(Data excerpt Opens)

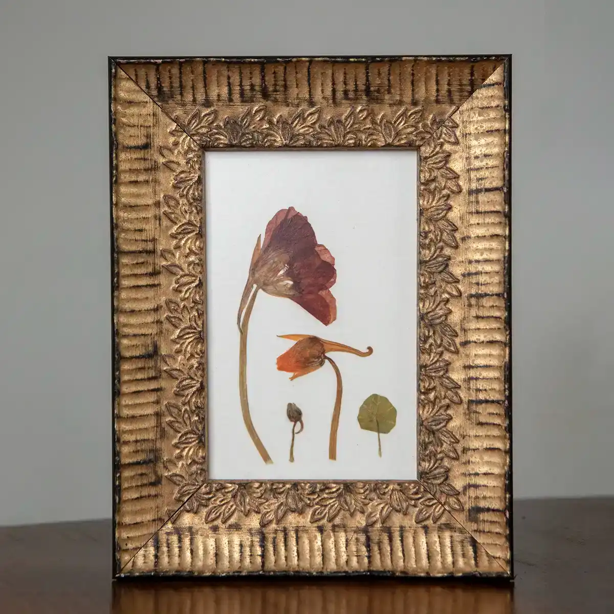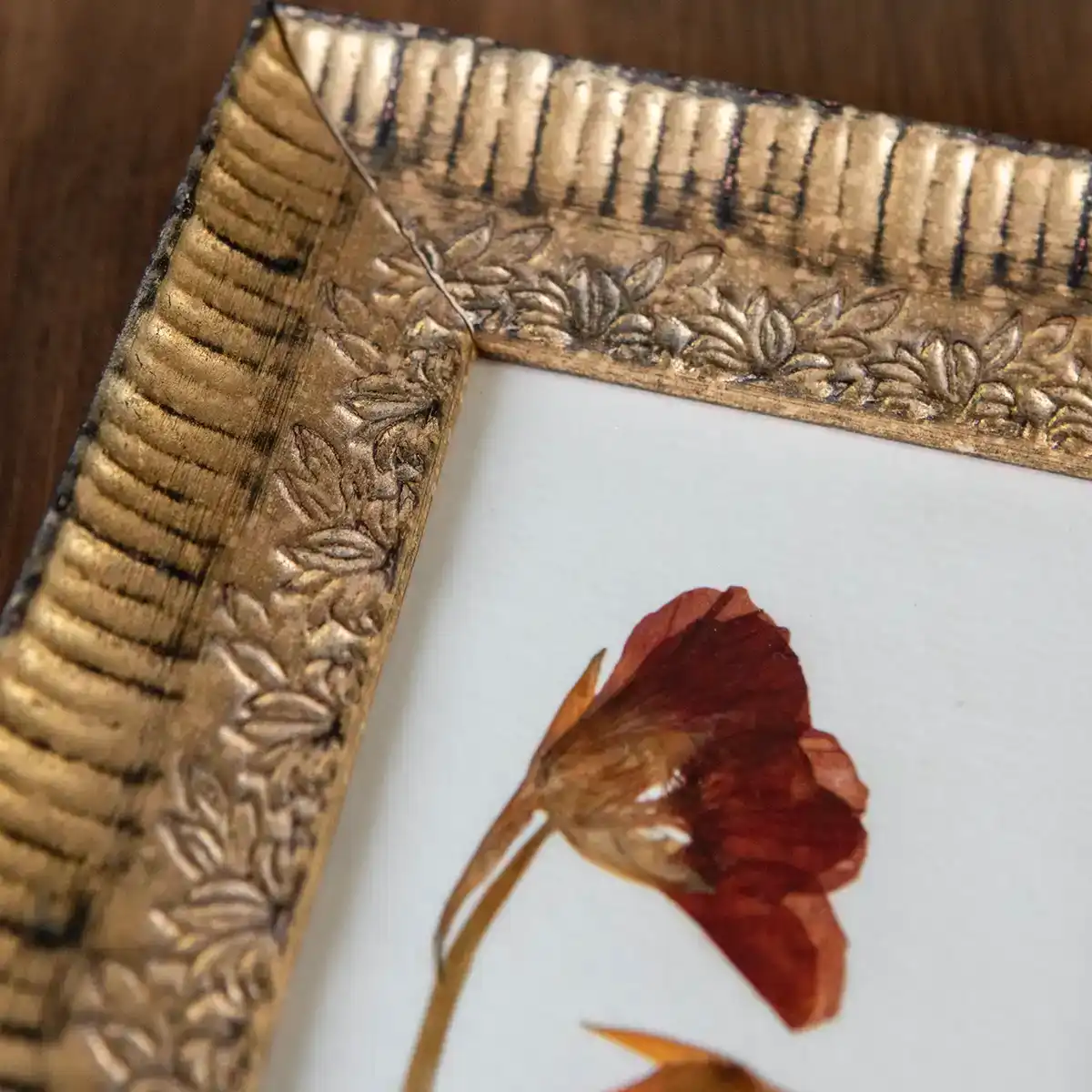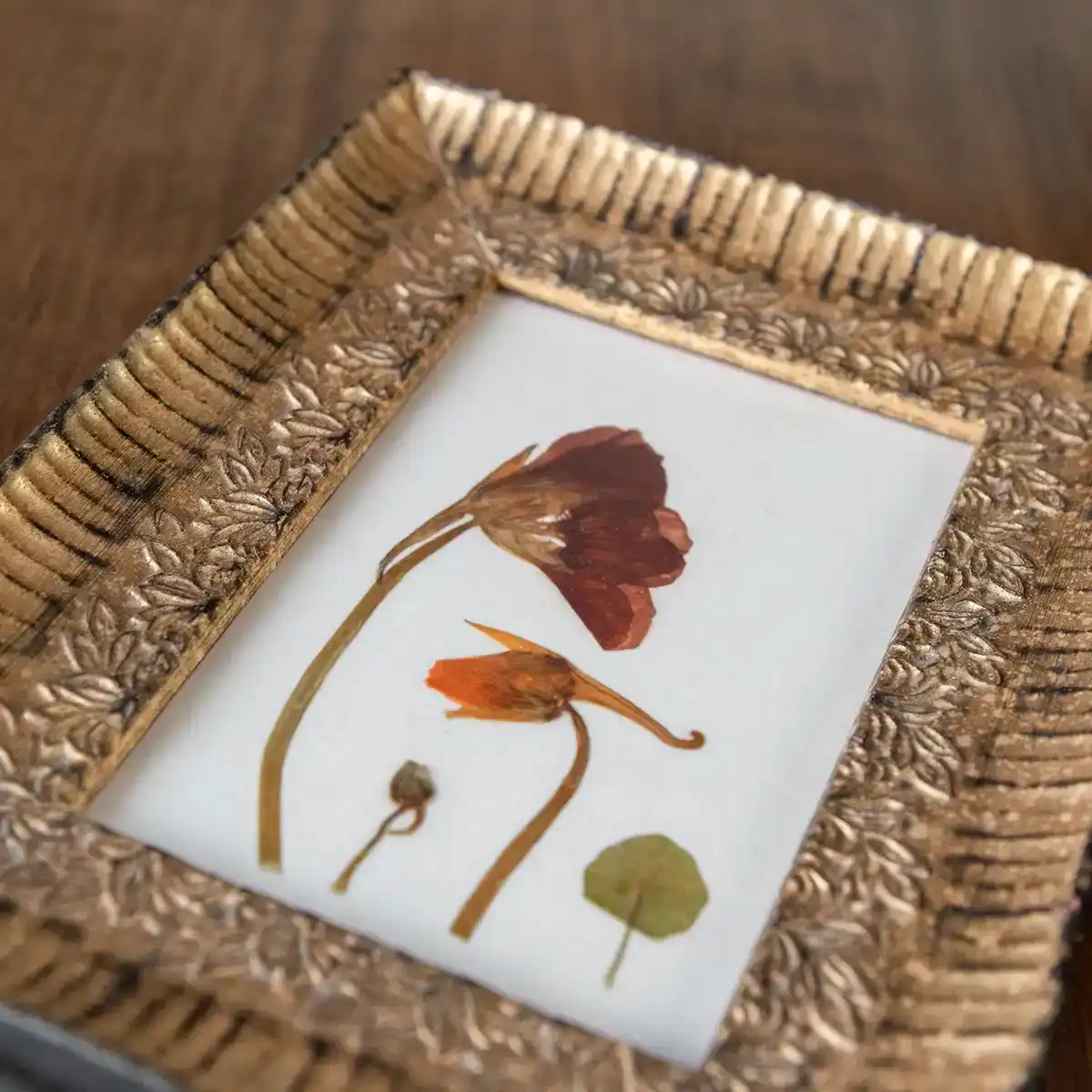 Obra botánica marco barroco con flores prensadas de capuchina, una planta ornamental y comestible reconocida por su forma redondeada y sus colores intensos. Recolectadas a mano, las flores han sido prensadas durante un periodo mínimo de cuatro semanas, utilizando presión continua y papel secante neutro, sin aditivos ni productos químicos.
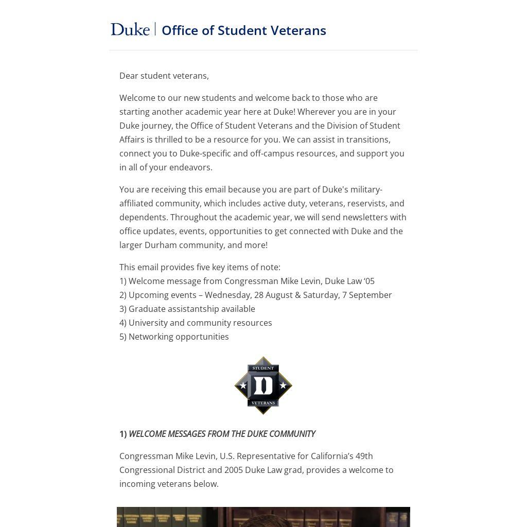 You are receiving this email because you are part of Duke's military-affiliated community, which includes active duty, veterans, reservists, and dependents. Throughout the academic year, we will send newsletters with office updates, events, opportunities to get connected with Duke and the larger Durham community, and more!
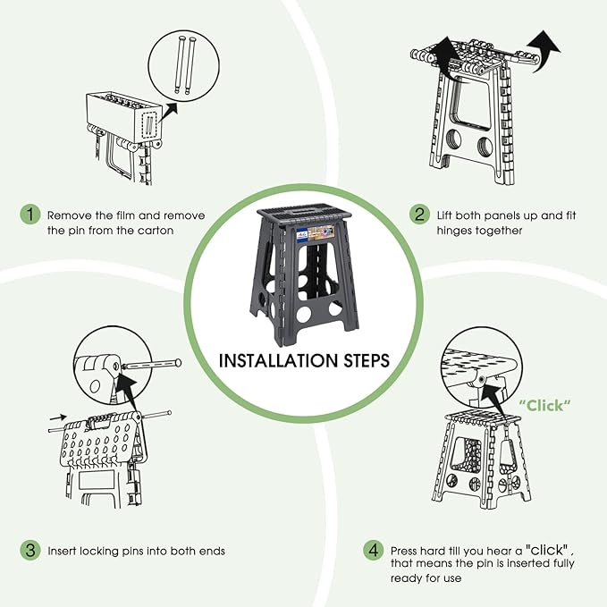 - 【Proper Use and Customer Serve】The plastic step stool must be used on a dry and flat surface.Ensure that the stool is fully open before use and that you hear the Pins fixing "Click" sound.Don't stand on the edget of the stool with one foot or tiptoe.Don't move stools while in use.Our warranty is 3 months with proper use.Customer service Available 24/7.If the pins lost unexpectedly, please do not hesitate to contact us for a replacement.
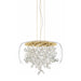 LED 20" Clear Glass Dome Shade with Clear Butterfly Crystal Stranded Chandelier with Aged Brass Metal Finish.

(Data excerpt Closes)

**The task**
Extract, word for word, every line from the one containing "You are receiving" to the end of the data above, both ends included, and leave out the pictures.

**Task result**
 You are receiving this email because you are part of Duke's military-affiliated community, which includes active duty, veterans, reservists, and dependents. Throughout the academic year, we will send newsletters with office updates, events, opportunities to get connected with Duke and the larger Durham community, and more!
 - 【Proper Use and Customer Serve】The plastic step stool must be used on a dry and flat surface.Ensure that the stool is fully open before use and that you hear the Pins fixing "Click" sound.Don't stand on the edget of the stool with one foot or tiptoe.Don't move stools while in use.Our warranty is 3 months with proper use.Customer service Available 24/7.If the pins lost unexpectedly, please do not hesitate to contact us for a replacement.
 LED 20" Clear Glass Dome Shade with Clear Butterfly Crystal Stranded Chandelier with Aged Brass Metal Finish.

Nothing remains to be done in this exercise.